Taken together, we show that it is possible to build, visualise and simulate mechanistic genome-scale models of eukaryotic signal transduction networks. Here, we do this for the cell cycle network of baker’s yeast, and, although the rxncon language must be extended to deal with e.g. alternative splicing and localisation, there are no fundamental differences to higher eukaryotes. A similar high-resolution knowledge base on the information processing network in human cells would be an important step towards a human whole-cell model and, when it accounts for the molecular effect of allele differences and drug perturbations, truly personalised medicine.

bioRxiv preprint doi: https://doi.org/10.1101/298745; this version posted April 10, 2018. The copyright holder for this preprint (which was not certified by peer review) is the author/funder, who has granted bioRxiv a license to display the preprint in perpetuity. It is made available under aCC-BY-NC 4.0 International license.
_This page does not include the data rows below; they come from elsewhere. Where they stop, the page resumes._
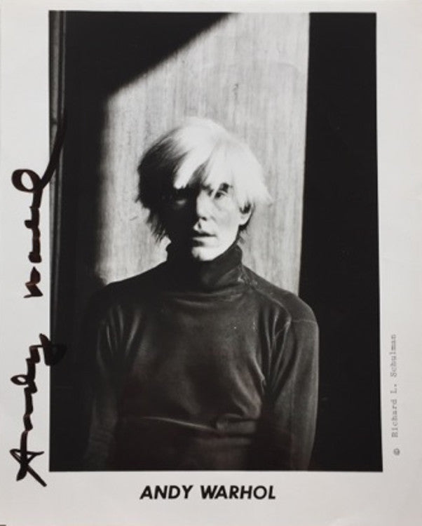 An iconic 10 x 8 inch black and white photograph of Andy Warhol (1928-1987) by Richard Schulman, signed on the left side by Warhol in black felt tip pen.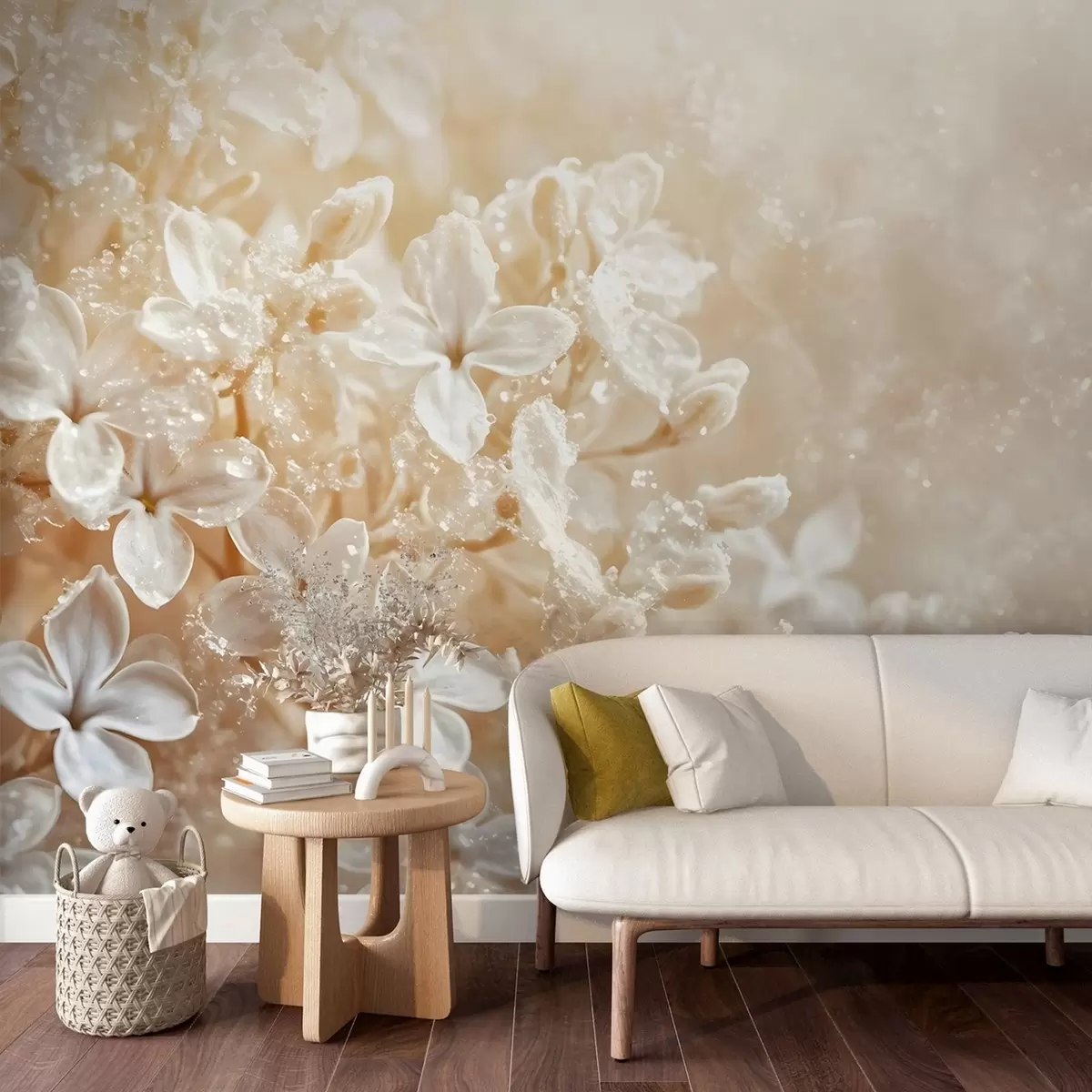 Fotomurales Delicadas flores blancas de color lila con un suave fondo amarillo difuminado Nr. w08533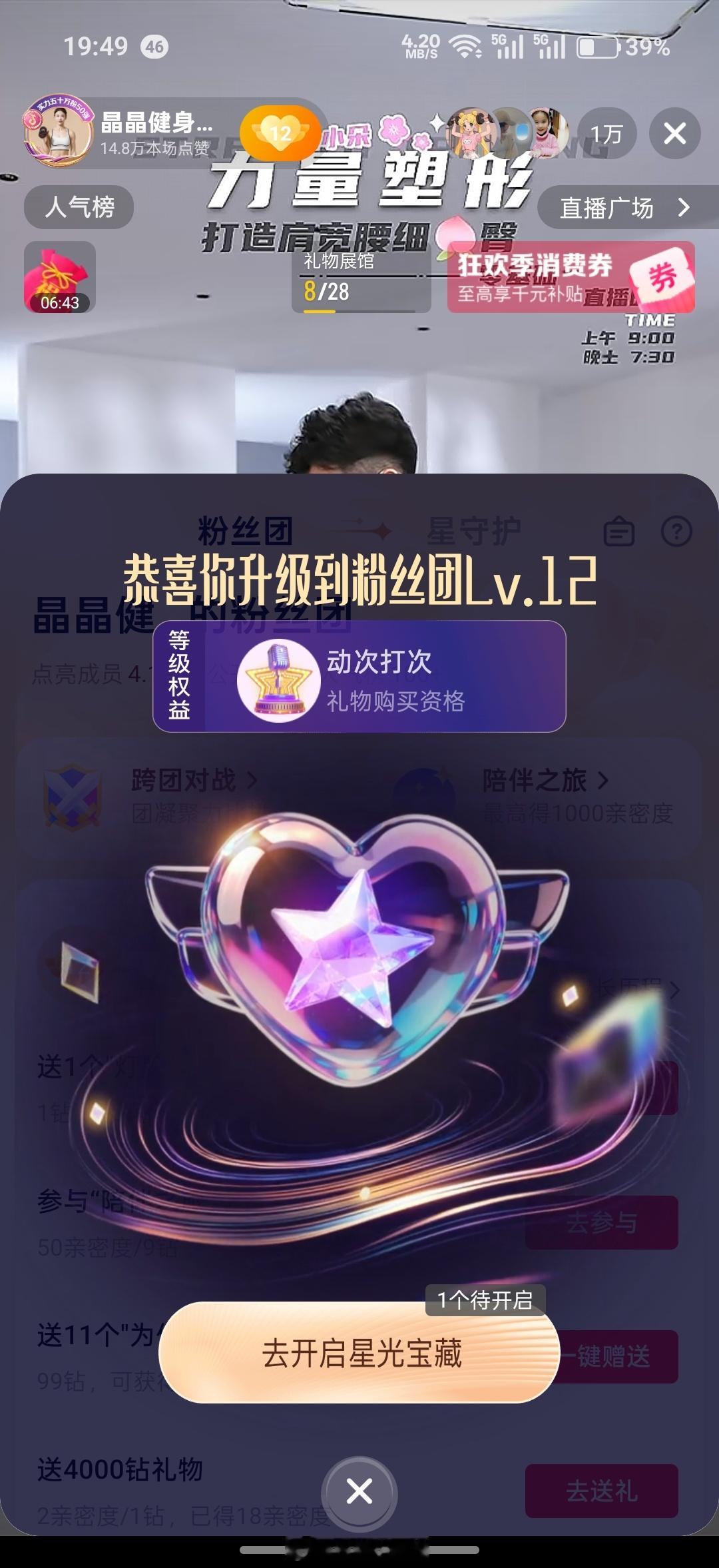 这也太巧了!!原本昨晚晶老师说跨年夜12级以上的同学可以抽奖杠铃,我还在想我才11级,到底什么时候才能升结果今晚居然中了钻石福袋——想着顺便续下灯牌吧,没想到直接给我升到12级了哈哈哈哈🆘有时候缘分就是这么的刚刚好记录下,一年半多的时间☑️(之前老刘那边都只是才10级

FIGURE LEGENDS Figure 1: The molecular architecture of the CDC control network. (A) The model consists of seven parts: (i) Gene expression, (ii) regulated degradation, (iii) CDK assembly and activation, (iv) DNA replication, (v) SPB duplication and nuclear division, (vi) cell division, and (vii) a set of reactions involving cell cycle components but without (known) regulatory connections to the main network. The outputs of the mechanistic reaction network (MRN) in modules (iv)-(vi) determine the progression of the coarse-grained model (CGM). (B) The CGM consists of three parts: (left) SPB duplication and nuclear division, including satellite formation (SPB: neutral (0) -> satellite), duplication plaque formation (SPB: satellite -> duplication plaque), SPB duplication (SPB: duplication plaque -> SPB duplicated), SPB separation (SPB: duplicated -> bipolar), and nuclear division (SPB: bipolar -> neutral). (middle) DNA replication, including licencing (DNA: neutral (0) -> licensed), initiation (DNA: licensed -> replicating), replication (DNA: replicating -> replicated) and separation (DNA: replicated -> neutral). (right) Cell division, including: Bud emergence (Bud: none (0) -> small), bud growth (Bud: small -> large), and cytokinesis (Bud: large -> 0). The MRN and CGM parts communicate via an input/output layer. (C) Schematic representation of the hybrid model architecture. The three independent replication cycles are regulated by three disjunct control modules gating the G1/S, G2/M and M/G1 transitions. The network is responsive to different forms of stress and other external cues, but here we only consider nutrients and four classical CDC arrest drugs: Pheromone, HU, LatA and NOC.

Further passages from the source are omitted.